Personally I do not like round tanks netting fish is almost impossible to net them if they need to be moved.


----------



## Nutt007 (Sep 22, 2009)

It's the shape that classifies it as a bowl for me. Might I also add I prefer the drum type bowls to the round ones.


----------



## ChoclateBetta (Jul 22, 2012)

Personal preference I prefer classic prism.


----------



## ao (Feb 29, 2012)

whiskandbowl said:


> I call anything that is too small to be heated and/or filtered a bowl.


I used to think the same after reading some article... then I managed to heat AND filter a 1/2gallon (no betta just shrimps ) lol. it made me go hmm...


----------



## dramaqueen (Jul 7, 2008)

ChoclateBetta said:


> Personally I do not like round tanks netting fish is almost impossible to net them if they need to be moved.
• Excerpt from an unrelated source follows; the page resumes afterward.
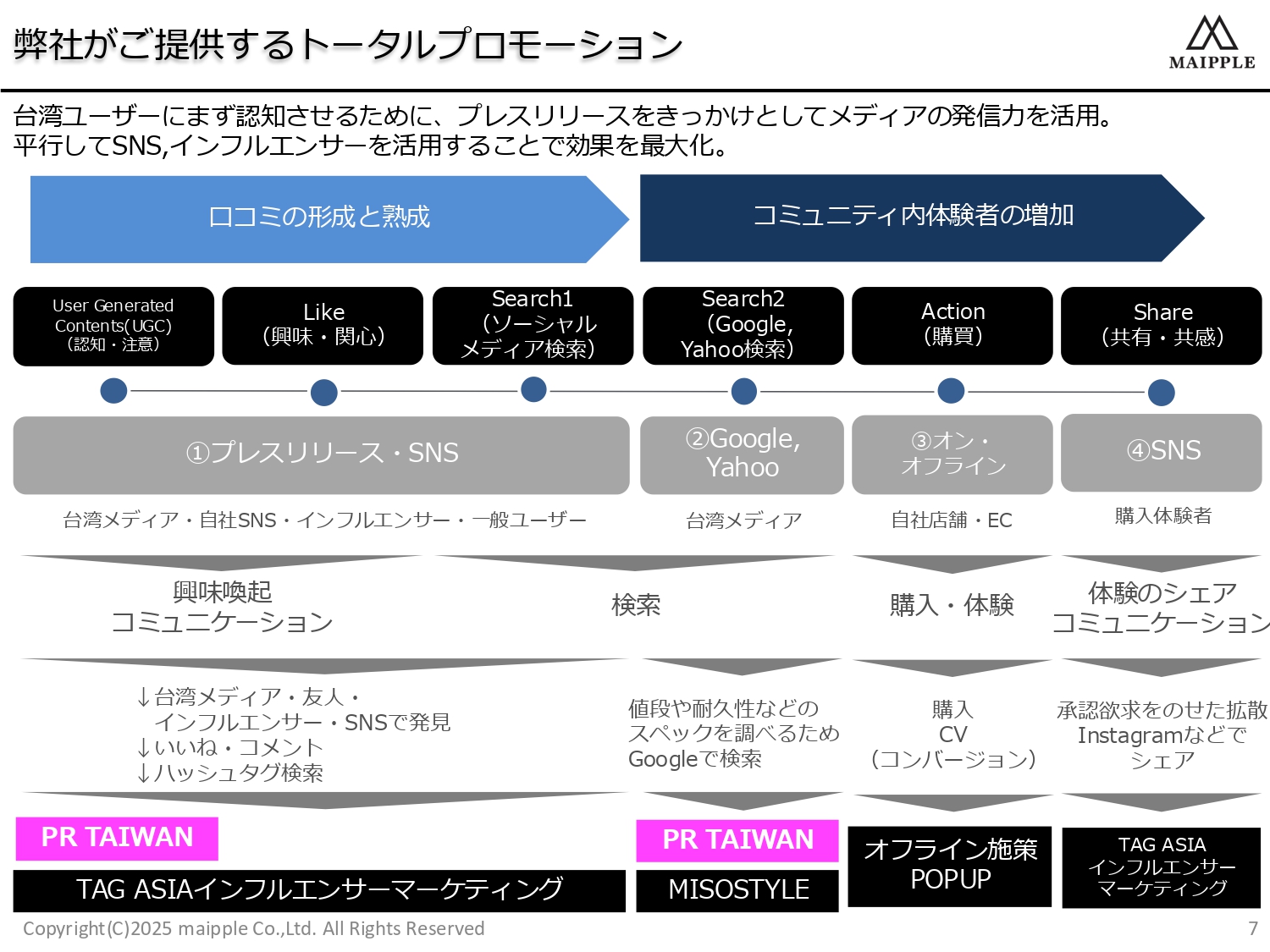 台湾ユーザーにまず認知させるために、プレスリリースをきっかけとしてメディアの発信力を活用。 平行してSNS,インフルエンサーを活用することで効果を最大化が可能です
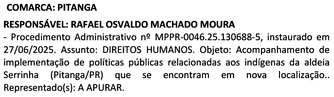 O Ministério Público do Estado do Paraná – MPPR, instaurou no dia 27 de junho de 2025, um Procedimento Administrativo, com o assunto: Direitos Humanos, para o Acompanhamento de Implementações de Políticas Públicas, relacionadas aos Indígenas da Aldeia Serrinha, do interior do Município de Pitanga.

I agree with you, Chocolate. I have a terrible time catching my fish in a bowl.


----------



## Sivan (Aug 30, 2010)

In case anybody is interested, I think this is interesting commentary on the fish bowl discussion/debate: http://finatics.hubpages.com/hub/why-fish-bowls-are-bad-for-your-fish

"Bowl" as a word though does have a very specific definition; it refers to the shape of the container. That being said, I was an English Language Arts Major and am now an Education major at the graduate level so I am rather particular and literal when it comes to these things.


----------



## ChoclateBetta (Jul 22, 2012)

I think most bowls ignore lids Bettas have to jump to survive the dry season were most die. But in the rest of the year are in huge bodies of water. There natural habitat is large bodies of stagnant water which is low in oxygen.


----------



## bryzy (Nov 3, 2012)

A thing that is 4 soup not bettas. Can b a pain to catch fish in a bowl. Not right. Small


----------



## finnfinnfriend (Feb 3, 2012)

I personally think that rectangular tanks are nicer because they usually hold more water and they look nicer. The shape makes for less skewed viewing to me...


----------



## bryzy (Nov 3, 2012)

Yah. The bowl makes your fish looked messed up, and distorted half of the time.


----------



## ChoclateBetta (Jul 22, 2012)

Square tanks hold more fish too. A sweaty gallon bowl holds less fish than a twenty gallon prism. The surface to oxygen ratio or gas exchange is different,


----------